Exact copy, pictures excluded: the lines from the one containing "Forgyldte ørestik fra" to the end of the listing.

▶ _Provided material_
◆ ◆ ◆ ◆

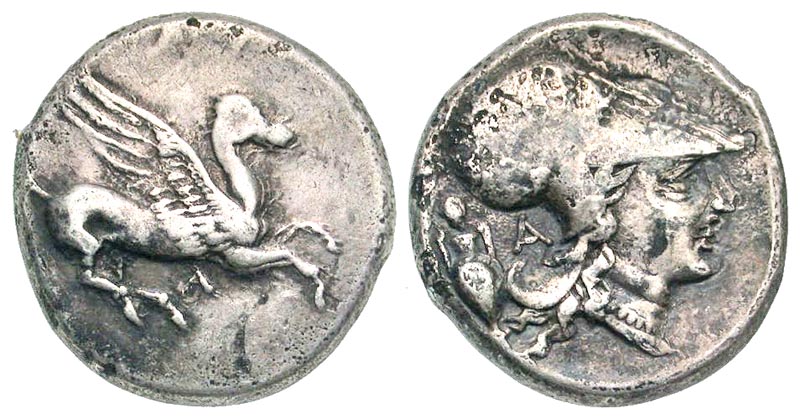 Akarnania, Leukas. Ca. 320-280 B.C. AR stater (20.6 mm, 8.33 g, 12 h). Pegasos flying right; Λ below / Helmeted head of Athena right; amphora and A behind. Pegasi 128; BCD Akarnania 275. Toned aVF.
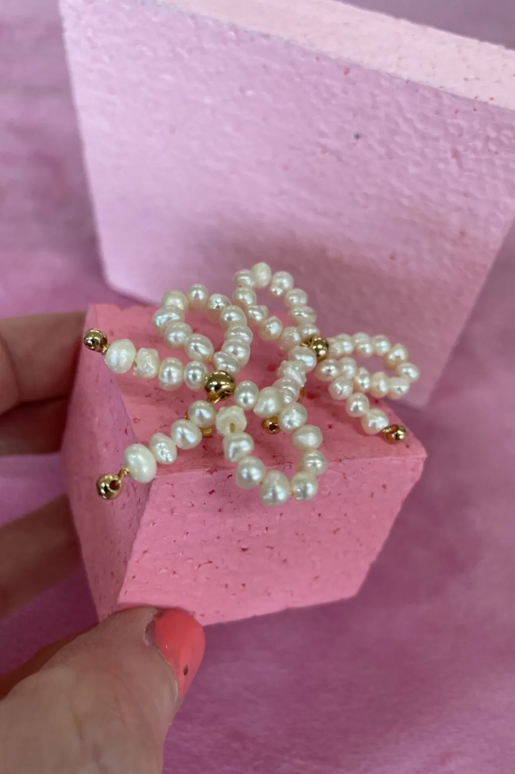 Forgyldte ørestik fra Mellow Moon med sløjfeformet design. De små perler danner en fin sløjfe med en guldperle i midten. Ørestikkene har en cream-hvid farve.
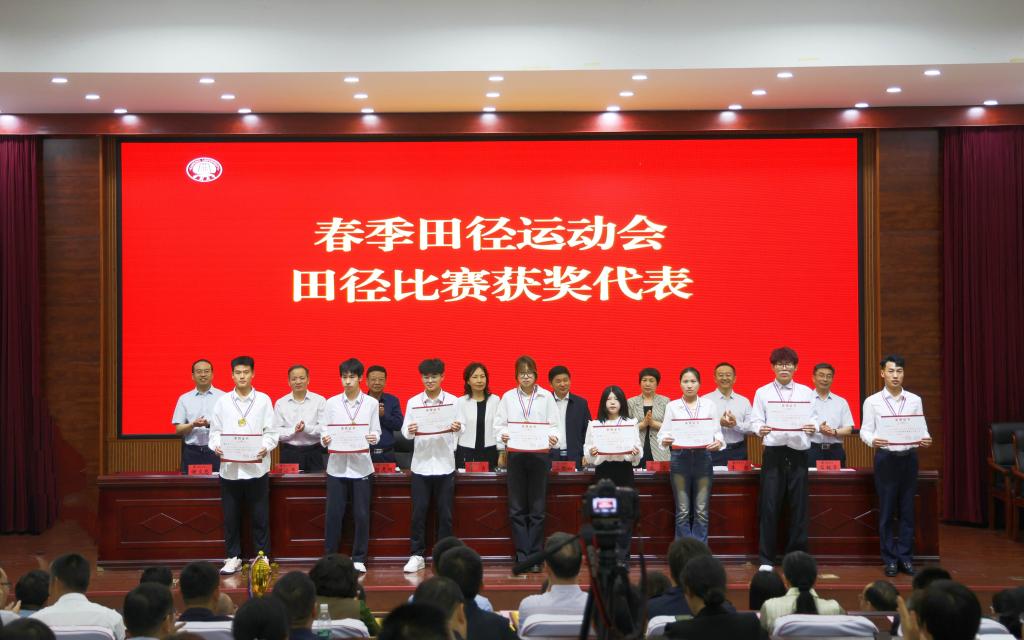 本站讯 5月10日下午,bat365在线官方网站2024年“两创两争”活动暨第二十届体育文化节表彰大会在我校行政楼第一报告厅举行。校党委书记谭贞出席会议并讲话,校长王德如主持会议。校领导班子成员、各党总支书记、直属党支部书记、卫校党委班子成员,获奖集体和获奖个人代表参加会议。

◆ ◆ ◆ ◆

▶ _Answer box_
 Forgyldte ørestik fra Mellow Moon med sløjfeformet design. De små perler danner en fin sløjfe med en guldperle i midten. Ørestikkene har en cream-hvid farve.
 本站讯 5月10日下午,bat365在线官方网站2024年“两创两争”活动暨第二十届体育文化节表彰大会在我校行政楼第一报告厅举行。校党委书记谭贞出席会议并讲话,校长王德如主持会议。校领导班子成员、各党总支书记、直属党支部书记、卫校党委班子成员,获奖集体和获奖个人代表参加会议。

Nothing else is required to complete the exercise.